**ACTIVITY**
Your task is to retype, exactly and without pictures, the line holding "まちセミ・IZUMI 2022 (74講座)の時間割が完成しました!" and each line that follows it to the end of the entries.

Records from a collection
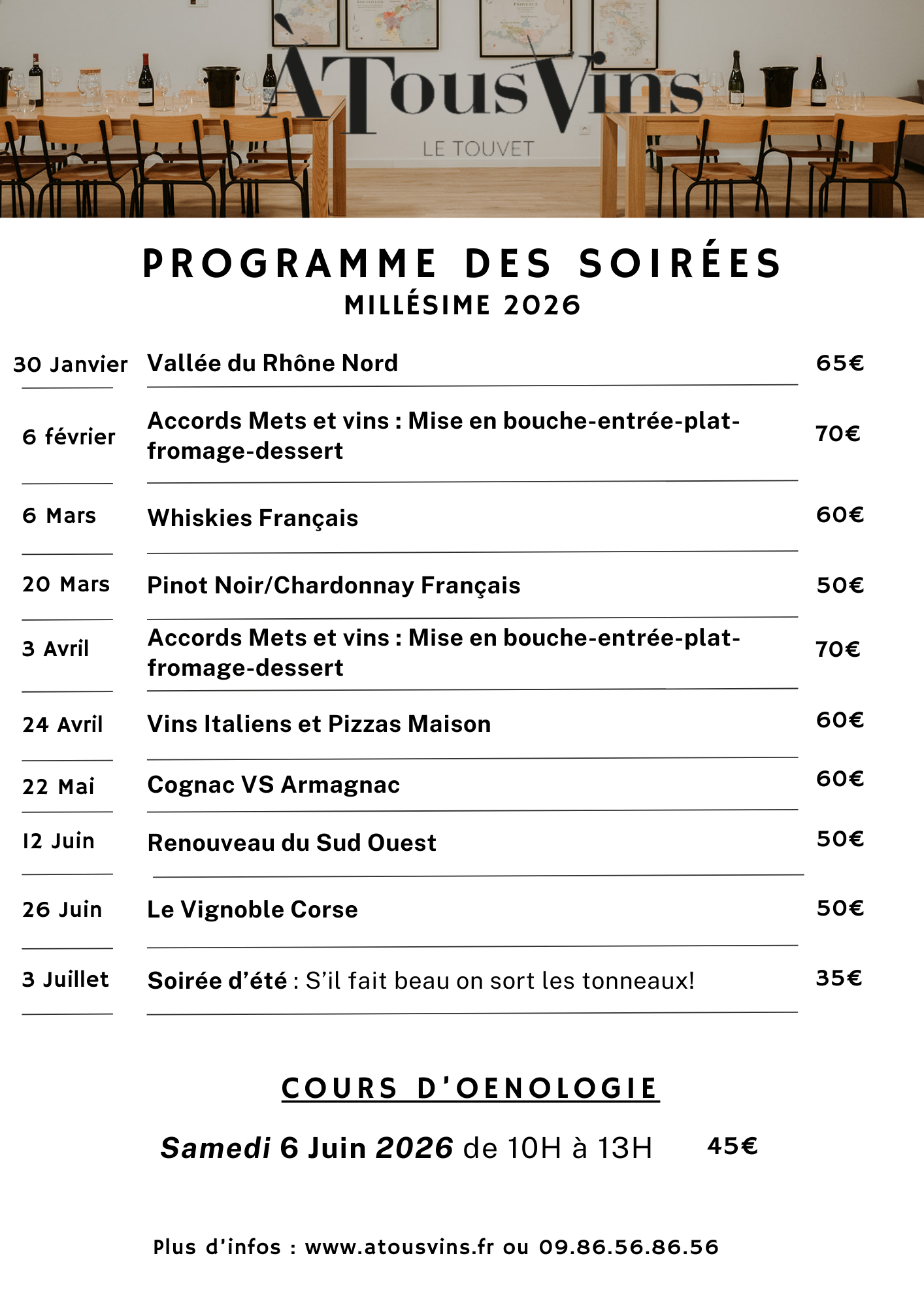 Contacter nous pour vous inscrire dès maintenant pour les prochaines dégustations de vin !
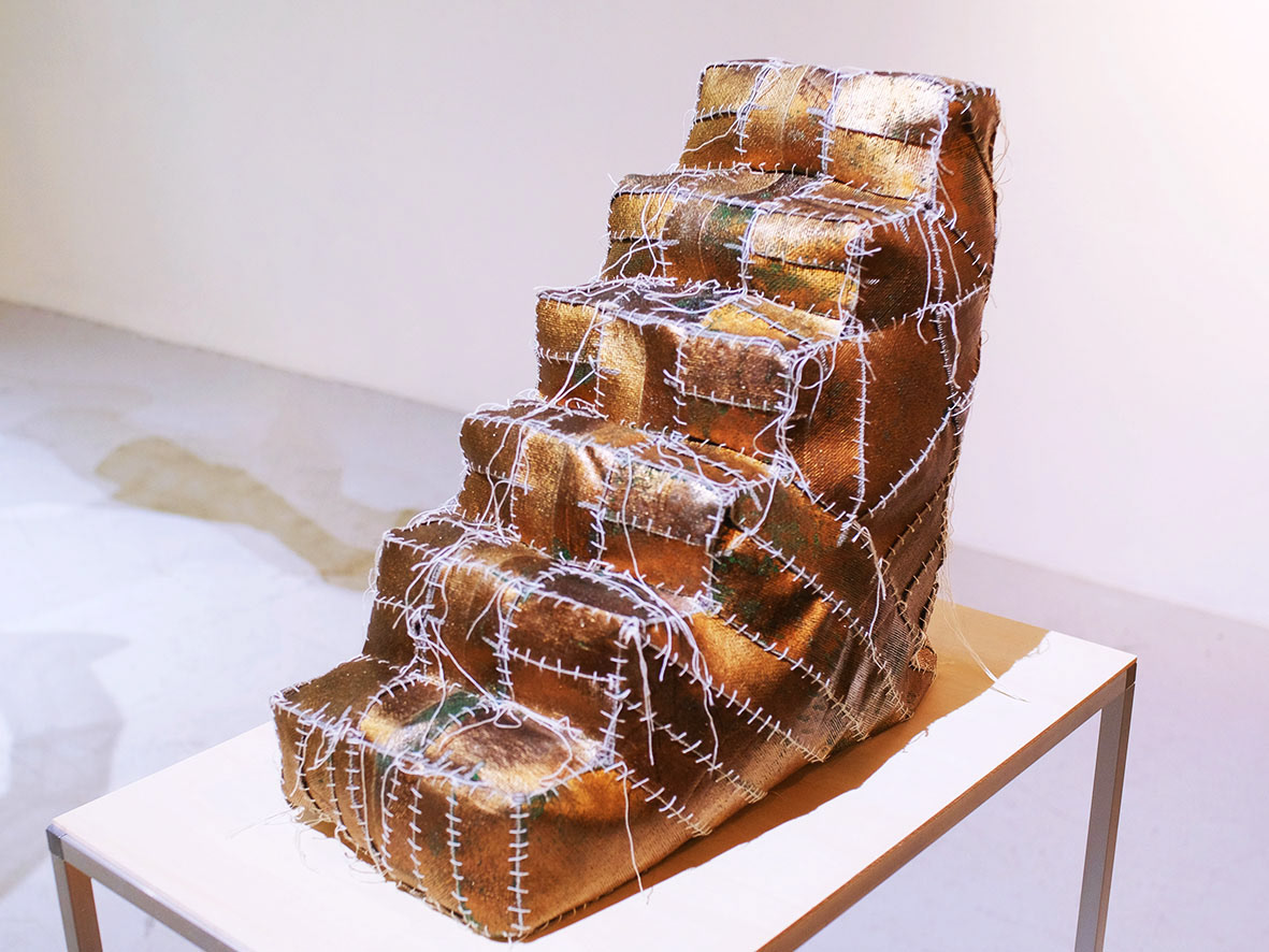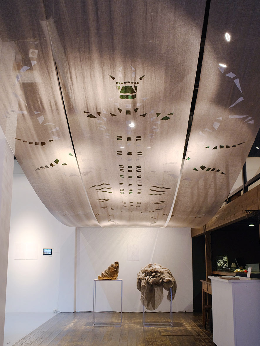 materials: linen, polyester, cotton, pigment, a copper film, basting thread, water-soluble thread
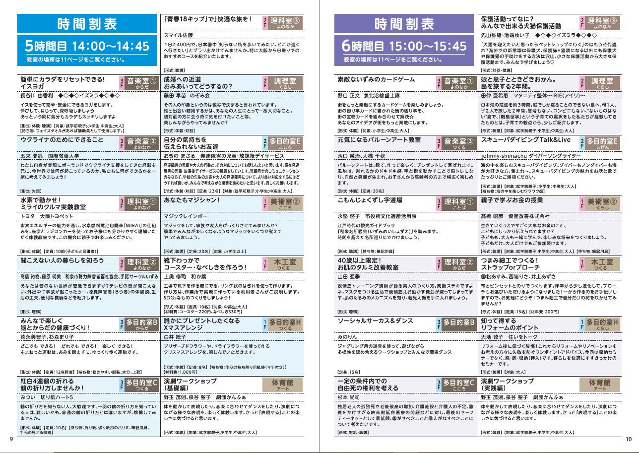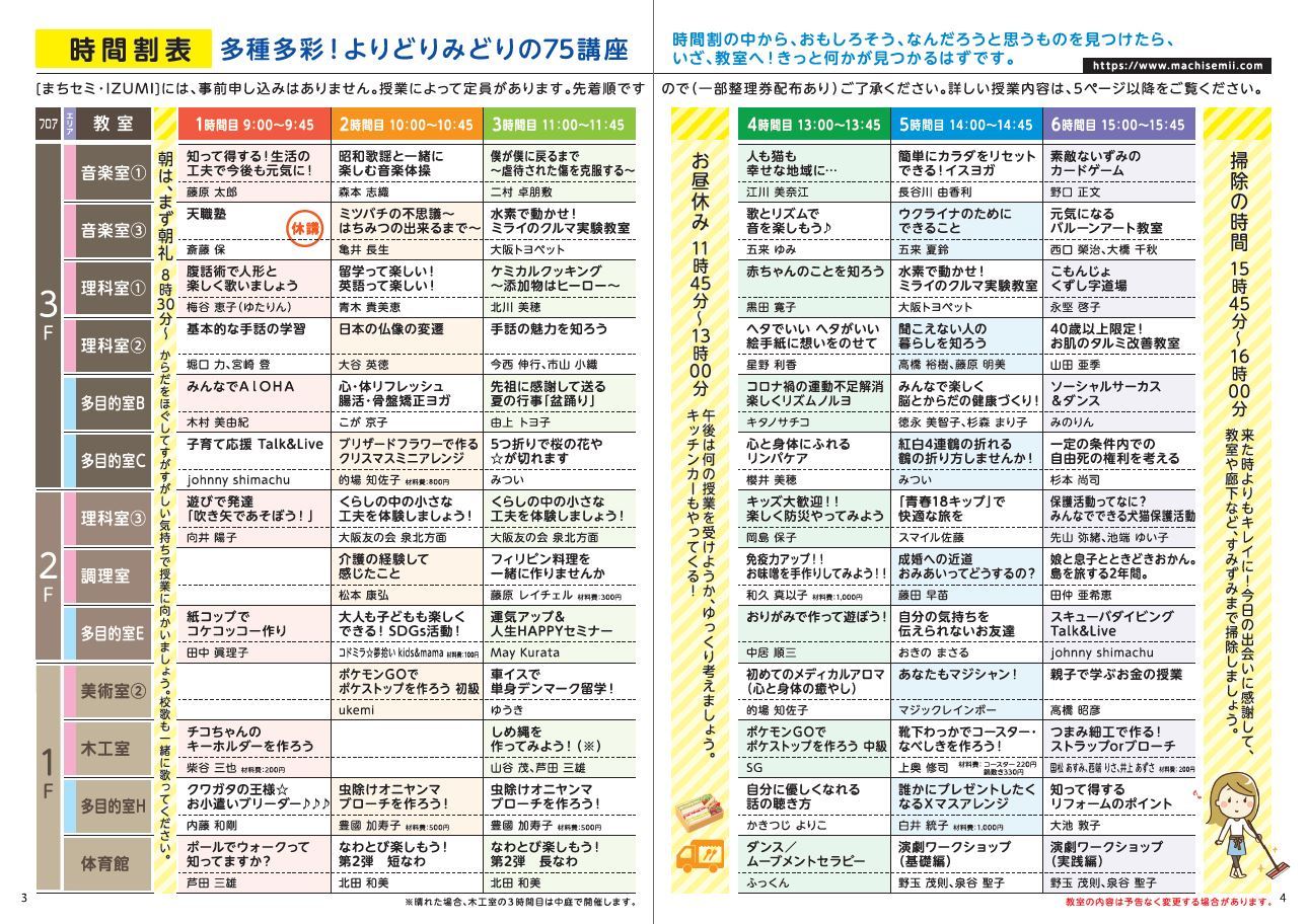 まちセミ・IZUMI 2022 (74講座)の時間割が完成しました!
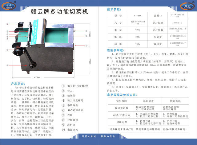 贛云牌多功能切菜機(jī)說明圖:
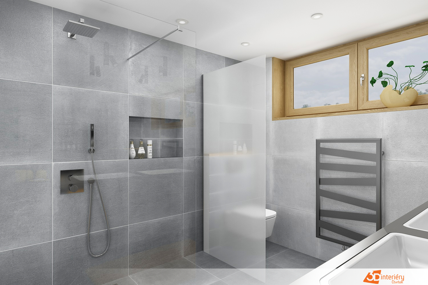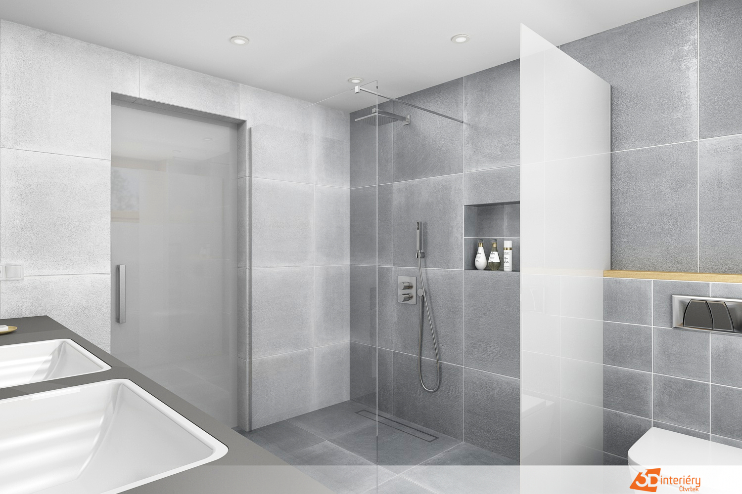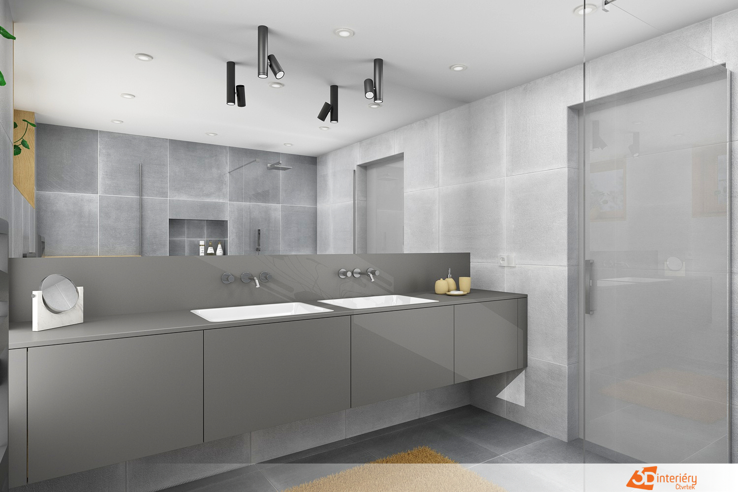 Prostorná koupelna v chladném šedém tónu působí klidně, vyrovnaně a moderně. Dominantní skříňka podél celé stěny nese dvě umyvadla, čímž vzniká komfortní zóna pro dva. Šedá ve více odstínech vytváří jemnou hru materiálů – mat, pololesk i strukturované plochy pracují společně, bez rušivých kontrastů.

**YOUR RESPONSE**
 まちセミ・IZUMI 2022 (74講座)の時間割が完成しました!
 贛云牌多功能切菜機(jī)說明圖:
 Prostorná koupelna v chladném šedém tónu působí klidně, vyrovnaně a moderně. Dominantní skříňka podél celé stěny nese dvě umyvadla, čímž vzniká komfortní zóna pro dva. Šedá ve více odstínech vytváří jemnou hru materiálů – mat, pololesk i strukturované plochy pracují společně, bez rušivých kontrastů.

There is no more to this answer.